LAWS(PVC)-1912-6-143

CHAND KHAN Vs. ALI KHAN

Decided On June 04, 1912
CHAND KHAN Appellant
V/S
ALI KHAN Respondents

JUDGEMENT

(1.) This was a suit for recovery of possession over certain house property situated in the city of Jhansi. The lower Appellate Court has dismissed a considerable portion of the plaintiffs suit, and I am only concerned with that portion of the claim which has been decreed. The finding in respect of this is that it belonged to one Namdar Khan, who died somewhere about the year 1894 A. D. He left surviving him his widow, Raj Bibi, and two nephews (sons of his own brother Jawahir Khan) named, Ali Khan and Ghasi Khan. The latter has since died, leaving a son named Rahim Khan, a widow Musammat Muradi and a daughter Musammat Mahtabi. On the 22nd of February 1903, Musammat Raj Bibi executed a deed by which she purported to sell the property, with which I am now concerned, to Chand Khan and Moti Khan. In the present suit, the plaintiffs are Ali Khan and the heirs of Ghasi Khan, that is to say, his son, widow and daughter already named. The defendants are Musammat Raj Bibi, Chand Khan and Moti Khan, that is to say, the vendor and the vendees, under the sale-deed dated the 22nd of February 1903.
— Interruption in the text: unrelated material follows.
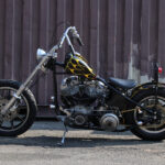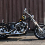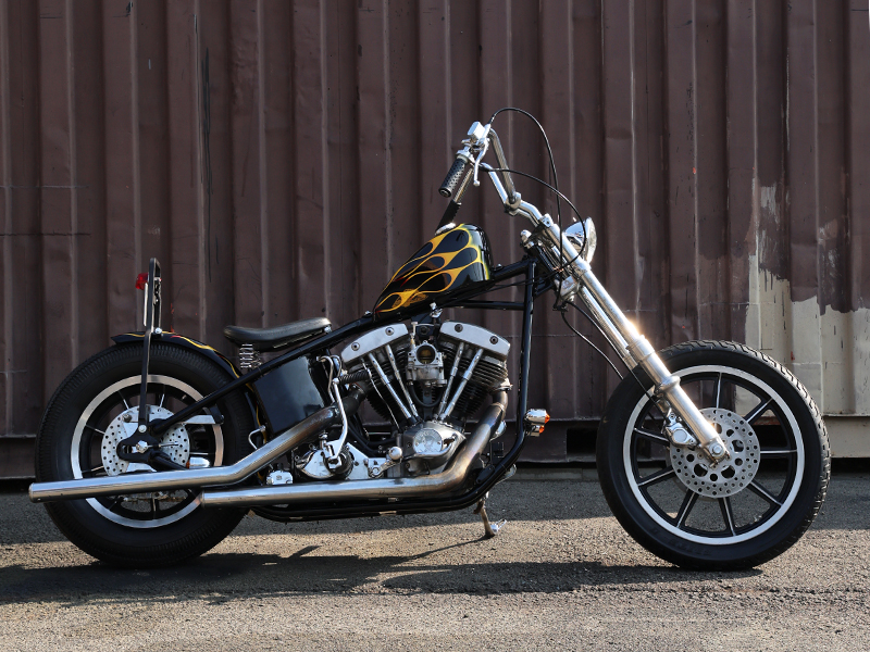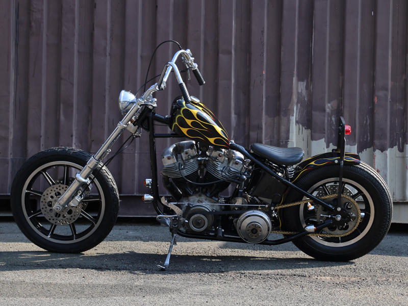 HD純正ナインキャストホイールで仕上げました。フロントは41フォークにリアは16インチとなるとスポーツスタータンクが似合います。ガスタンクからリアフェンダーまで流れるイエローフレイムスがポイントです。

(2.) The lower Appellate Court has found that the property in dispute devolved on the death of Namdar Khan in accordance with the ordinary rules of Muhatumadan Law, so that Raj Bibi was entitled to the same to the extent of 1/4th share only. It has accordingly decreed the claim of the plaintiffs to the extent of a 3/4th share in the property conveyed by Musammat Raj Bibi under the deed of the 22nd of February 1903. It may be noted that Musammat Raj Bibi did not defend the suit at all, and that Moti Khan in effect admitted the plaintiffs claim. Chand Khan has contested the suit throughout and has now brought it before this Court in second appeal.

(3.) The first point taken is substantially a matter of pleadings. The plaintiffs un- doutedly came into Court with the allegation that their family, although converts to Islam, continued to be bound as amongst themselves by the Hindu Law, and in fact always constituted a joint Hindu family. There was also a special plea that the plaintiff Ali Khan had been adopted by his uncle, Namdar Khan. These points have been decided against the plaintiff by both the Courts below and are no longer in dispute. It is suggested, however, that on the pleadings as they stood, the Courts below were not entitled to carry their own findings to their correct legal conclusion but were bound to dismiss the plaintiffs suit altogether without considering how the inheritance to Namdar Khan s estate would in fact devolve under the Muhammadan Law, when that was held to be the law applicable to the parties concerned. I am unable to accept this contention. No doubt the plaintiffs in their anxiety to invalidate altogether the transfer made by Musammat Raj Bibi came into Court with statements going beyond what they were able to prove. But the alternative plea that in any case the plaintiffs had rights as sharers, or rather as residuary heirs under the Muhammadan Law, underlay the whole case for the plaintiffs, and particularly the 7th paragraph of the plaint to which the learned District Judge has referred. On the issues as framed, I do not think that the defendants were in any way prejudiced by defective pleadings, and I am of opinion that the Courts below, having found that the estate of Namdar Khan devolved in accordance - with the Muhammadan Law of inheritance, were right in giving the plaintiffs the benefit of that finding in so far as it operated in their favour.